Он поехал назад, схватил ртом концы каната и потащил их за собой. Канат поддался легко. Но оказалось, что он по ошибке ухватил только один конец каната и вытащил одним махом весь канат из «ушка». Другой конец валялся на полу возле Щели, над ним застыли яичные половинки. Проход был по-прежнему закрыт иглой. Дунаев удрученно покатился назад, к Щели, и дальше – вдруг неожиданно отыщется другая щель, дыра или какой-либо проход? Но ничего подобного не было. Однообразно потянулись стены деревянной болванки. А минут через пять показался тупик. Он покрутился возле гладкой стены тупика, на всякий случай попытался разок-другой пройти сквозь стену, но безрезультатно.
И тут Дунаева посетила мрачная мысль.
– А что… если… если дальше ничего нет? Ведь обычно последняя матрешка внутри – из цельного куска дерева. Без внутренней полости! Может, и здесь так же…
Его предали. Никакой Энизмы здесь, конечно же, быть не могло. Как же он мог поддаться на это фуфло, на этот детский блеф?
Угрюмо черствея, он катился обратно. Вот впереди снова засверкала Игла, заслоняющая проход в Щель. Она торчала, словно слегка наклонившаяся стальная колонна. Он решил таранить ее лбом, чтобы сдвинуть хоть ненамного. Небольшого сдвига Иглы было бы достаточно, чтобы он смог протиснуться. Но случилось иначе.
Стоило ему поровняться с Иглой, как яичные половинки заверещали. Словно бы завизжали двое алмазных юродивых. Резкий звук подхватил шарообразное тело парторга и легко подбросил вверх.
«Спорт!» – только лишь и успел крикнуть бедный Дунаев. Он пролетел сквозь колоссальное игольное «ушко» и упал сверху на Иглу. И покатился по ней вниз с нарастающей скоростью. Игла пронзала насквозь следующий коридор и уходила в тело Девятой «бабы». Дунаев не успел разглядеть пространство восьмой «бабы», стремительно проскочил его и въехал по игле в Девятую.
Ему казалось, он падает в сорвавшемся лифте. Тем не менее, не доезжая до кончика Иглы, он крутанулся и ловко спрыгнул вбок, упав на широкие мраморные ступени.
Девятая «баба» была последней. Она была окончательно-центральной. Она была привилегированным эмбрионом в телах остальных «баб». И она не состояла из «цельного куска дерева». Сухие страхи Дунаева оказались напрасными. Последняя «баба» была полой.
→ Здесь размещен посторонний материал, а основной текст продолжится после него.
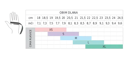 Materijal: dlan: 50% poliamid, 50% poliuretan; gornji deo: 98% poliamid, 2% elastan; traka oko zgloba: 100% poliamid

И эта роскошная полость теперь распахнулась перед Дунаевым.
Встречают колобком и снегом
Врагов в российских деревнях.
А те идут, накрывшись пледом,
Скользят на тонких каблучках.
Но вот – здесь льдышка роковая,
И подломился каблучок.
(О, господи, какая молодая
Жертва русская еще!)
Огромная белая птица
Летит над краями снегов,
От слез очкарика Фрица
Туманятся стекла очков.
Кого уже накрыли флагом
С арийской свастикой в кружке,
Другие мнутся по оврагам
И в женских шубках прячут мел.
Только кал, только липкая соль по углам!
Только кал, только липкая соль в этот вечер!
И гармоники плач, плач гармошки губной —
Поражение будет большое, как вечность.
Словно валенок влажный в чешуйках снегов,
Оно нежно надавит и спрячет в колоннах,
И впечатает в наст – в тот блестящий покров,
Что снега покрывает в местах этих сонных.
Отчего-то вспомнилось парторгу лицо гитлеровца, увиденное в заболоченном коридоре между третьей и четвертой «бабами». Лицо фашиста было таким светлым и хрупким, так много свободы было в нем, посмертной решимости не бояться за себя. «Ведь он теперь может миллионы лет так пролежать и пальцем не шевельнуть!» – с уважением подумал Дунаев о враге. Он вдруг ощутил жалость к бедным немецким солдатикам, ни за что гибнущим в глухой и далекой России.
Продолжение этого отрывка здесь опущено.